When you grow up in this world you realize people don’t give a shit about what you feel or
what you think.
–David Coleman, leading author and architect of the Common Core State [sic] Standards

While studying for a master’s degree in English literature, I dated a physics major, and the first present I ever gave him was Henry Fielding’s The History of Tom Jones, a Foundling. I’d loved that book so much after reading it–unsupervised–as a first-year college student that I tried to avoid any class where it might be taught, for fear my joy might be parsed right out of it. A. A. Milne described this passion: “One does not argue about The Wind in the Willows. The young man gives it to the girl with whom he is in love, and if she does not like it, asks her to return his letters. The older man tries it on his nephew, and alters his will accordingly. The book is a test of character” (qtd. in Moore 45). I don’t know that I deliberately set out to test that physics student, but how could I keep company with someone who didn’t take inordinate pleasure in Tom Jones? And, dear reader, I married him.

Ann Tyler captures the mindset I was trying to avoid: “Rose had a kitchen that was so completely alphabetized, you’d find the allspice next to the ant poison” (12). Tom Jones was just too important to me to submit to alphabetizing. I feel the same way about teaching: I’m not an alphabetizing kind of teacher. Ralph Waldo Emerson pointed out that “we boil at different degrees” (55). We should celebrate differences–those of teachers as well as those of students. I just bought a T-shirt from a kindergarten teacher who responded to Common Core imperatives: “They’re going to have to pry the crayons out of my cold, dead hands.” This T-shirt, available in many colors, announces Occupy Kindergarten (Schwengel). Every AP English teacher should buy one, because we all must care about the survival of blocks and finger paints in kindergarten. High school teachers reap what kindergarten teachers sow.

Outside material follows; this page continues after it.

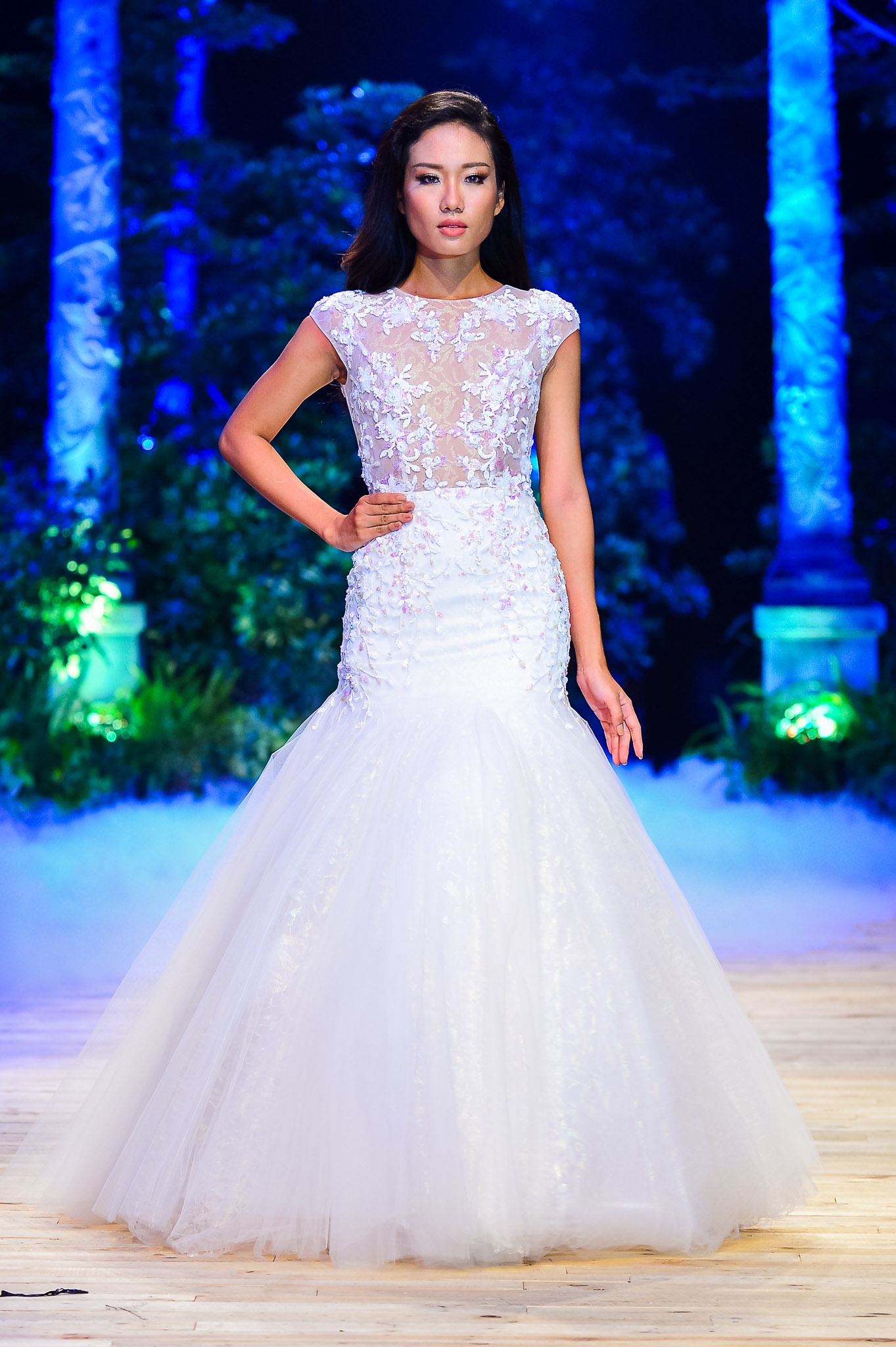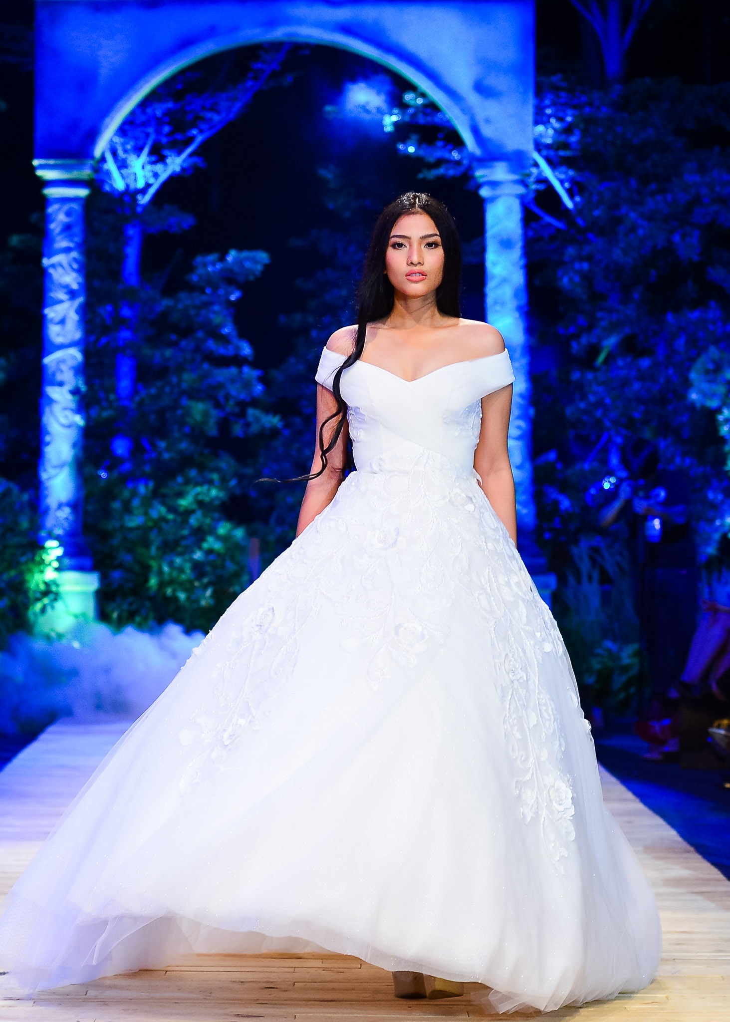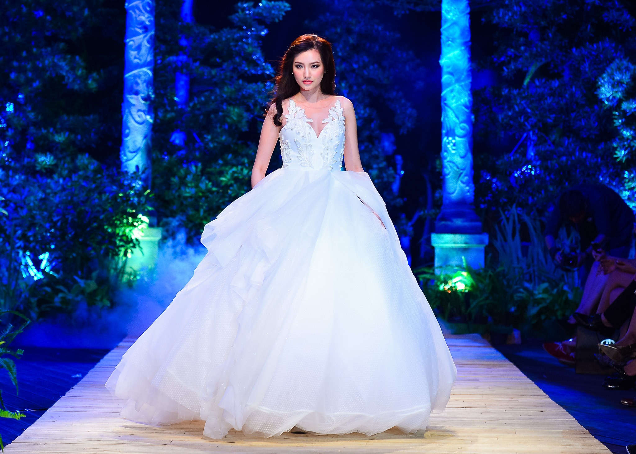 Đảm nhận vai trò vedette bộ sưu tập Thiên thần, nữ người mẫu diện bộ đầm cưới trắng trong trẻo tự tin sải bước, chốt màn show diễn định kỳ.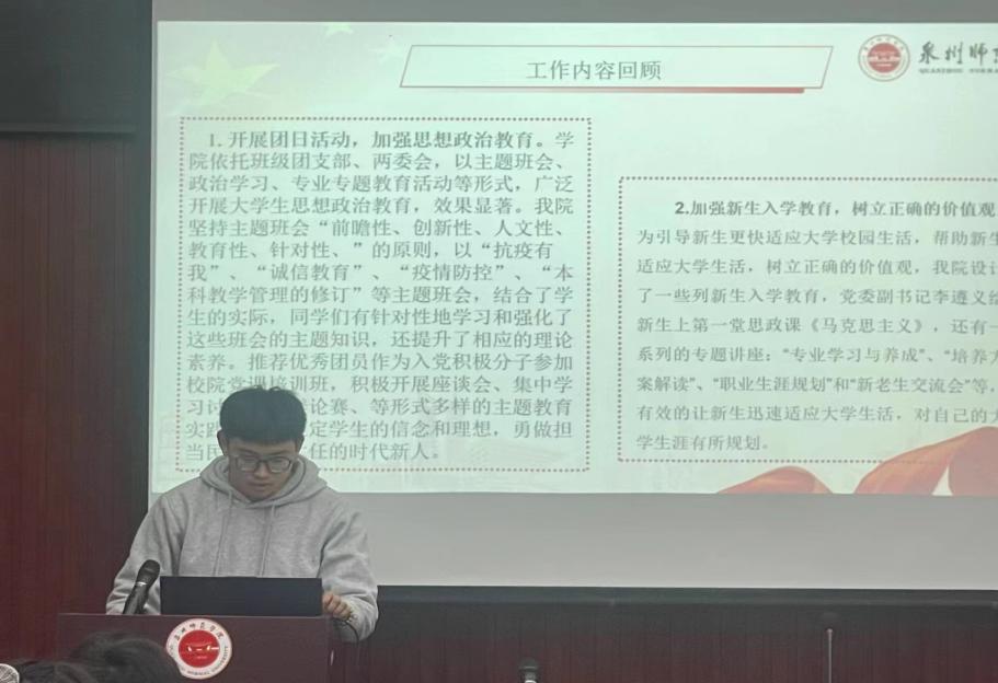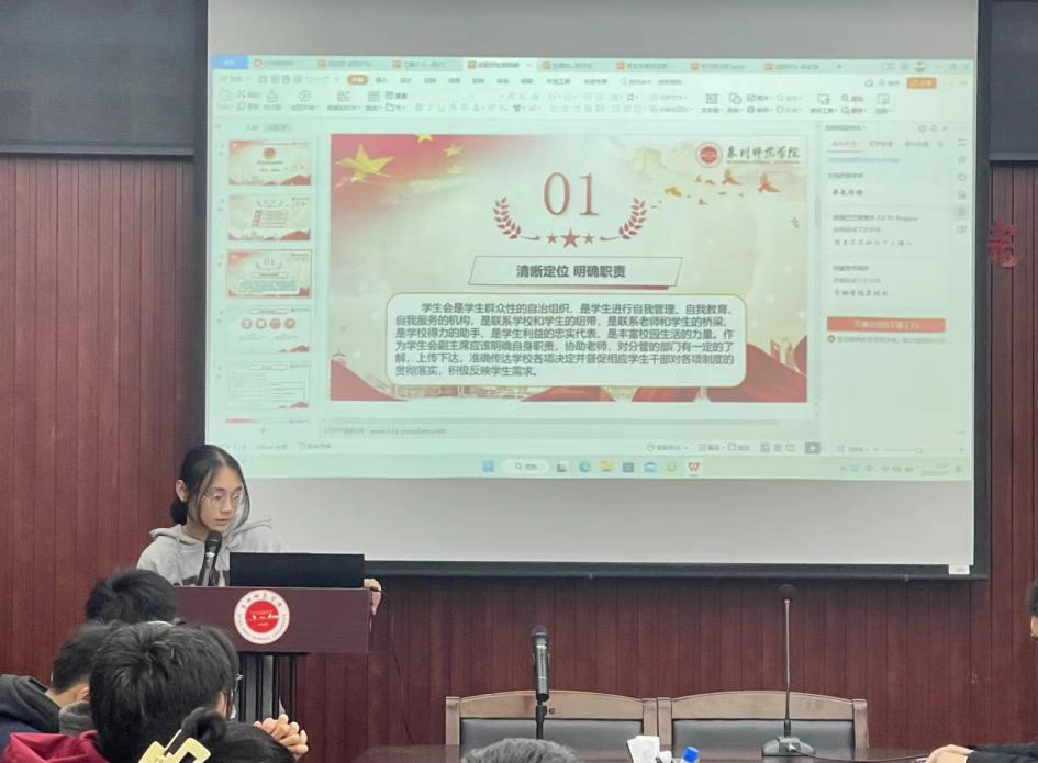 会议开始,学生会主席苗润泽对学生会上半学年各项工作进行梳理和总结。随后,各部门主要负责人从政治态度、道德品行、学习情况、工作成效、纪律作风等方面总结各自工作中成绩、经验和不足。院学生会全体成员以及学院辅导员根据述职情况对主席团和各部门负责人进行无记名式评议打分。

Talk to seventh-and eighth-grade teachers who embrace what they do, and they’ll tell you they relish the great exaggerations these students provide. When I read standards-based reading lists that seem sent in from some other planet, I wonder if they’re referring to the seventh-grade Sherri who is obsessed with makeup and fashion magazines. Or the Sherri who sucks her thumb and wants to listen to a tape of Rumpelstiltskin. The Sherri I know can’t be pinned down to read the same book from one day to the next, never mind the same book as all her classmates. As Stephen D. Krashen observes, “Home run book experiences vary widely among children” (8). Speaking from long experience, I figure a teacher has to be a bit off-center herself to linger with seventh and eighth graders. Off-center–but not loony enough to think she can standardize these kids, or would ever want to.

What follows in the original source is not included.